DDP-4 Inhibitor Advisory Committee Update
April 14, 2015 – During a meeting of the U.S. Food and Drug Administration’s (FDA) Endocrine and Metabolic Drugs Advisory Panel, members voted for labeling changes on some drugs for diabetes. The panel recommended that information about the risk of heart failure be added to the labeling for AstraZeneca’s Onglyza (saxagliptin) and Kombiglyze XR (saxagliptin/metformin) and Takeda’s Nesina (alogliptin), Kazano (alogliptin/metformin) and Oseni (alogliptin/pioglitazone). The drugs are dipeptidyl peptidase-4 (DPP-4) inhibitors, a relatively new class that is used to treat type 2 diabetes. DPP-4 inhibitors increase insulin production and reduce glucose production to improve blood sugar levels. Other DDP-4 inhibitor and DPP-4 inhibitor-containing products currently available on the U.S. market include Merck’s Januvia (sitagliptin), Janumet (sitagliptin/metformin), and Juvisync (sitagliptin/simvastatin); as well as three Lilly/Boehringer Ingelheim products — Tradjenta (linagliptin), Jentadueto (linagliptin/metformin), and Glyxambi (linagliptin/empagliflozin).
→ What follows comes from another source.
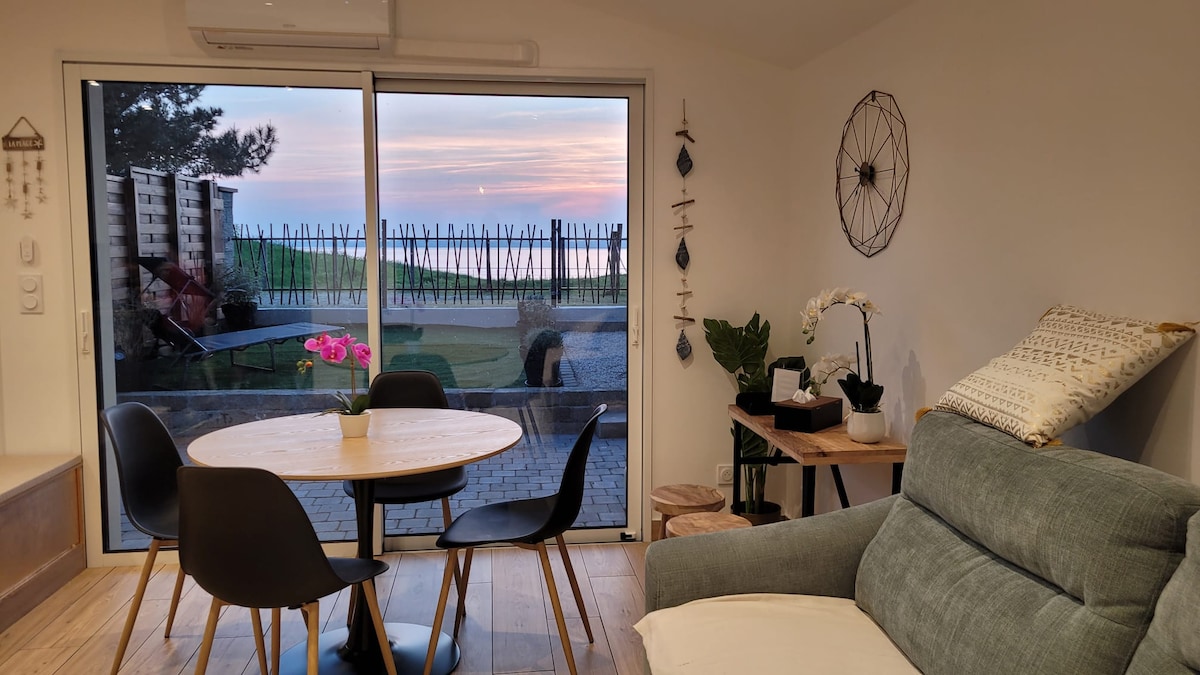 Mėgaukitės unikalia viešnage priešais vandenyną, be automobilio priešais pastatą. Pasivaikščiojimas arba važiavimas dviračiu pakrantės taku, parduotuvės, į kurias galima nueiti pėsčiomis, ir privatus uždaras garažas, kad galėtumėte keliauti ramiai. Viduje: įspūdingas vaizdas į jūrą, pilnai įrengta aukštos klasės virtuvė, patogi patalynė ir netipiškas išplanavimas su dušu, integruotu į miegamąjį. 👉 Retas būstas, kuriame dera absoliuti ramybė, aukščiausios kokybės komfortas ir originalumas nepamirštamam poilsiui.

In 2008, an FDA guidance on the cardiovascular safety of all drugs used to treat diabetes directed manufacturers of new drugs to provide evidence that cardiovascular risk, already elevated for patients with diabetes, was not worsened by using their drugs. Results of the first post-marketing studies found no increases in cardiovascular-related deaths, heart attacks or strokes with alogliptin or saxagliptin. However both drugs increased the risk of heart failure. The increase did not reach statistical significance with alogliptin, but saxagliptin users were 27% more likely to be hospitalized for heart failure. Additionally, they had a higher risk of death from any cause than participants using a placebo along with their usual diabetes therapies. Although the increase in deaths among patients on saxagliptin concerned the panel members, the causes of death did not have a clear pattern. Panel members also commented that the increased risks may be common to all DDP-4 inhibitors. If results from Merck’s study, which are expected later this quarter, also show increased risks of heart failure, death or both; FDA could require label and, possibly, prescribing changes for all DDP-4 inhibitors.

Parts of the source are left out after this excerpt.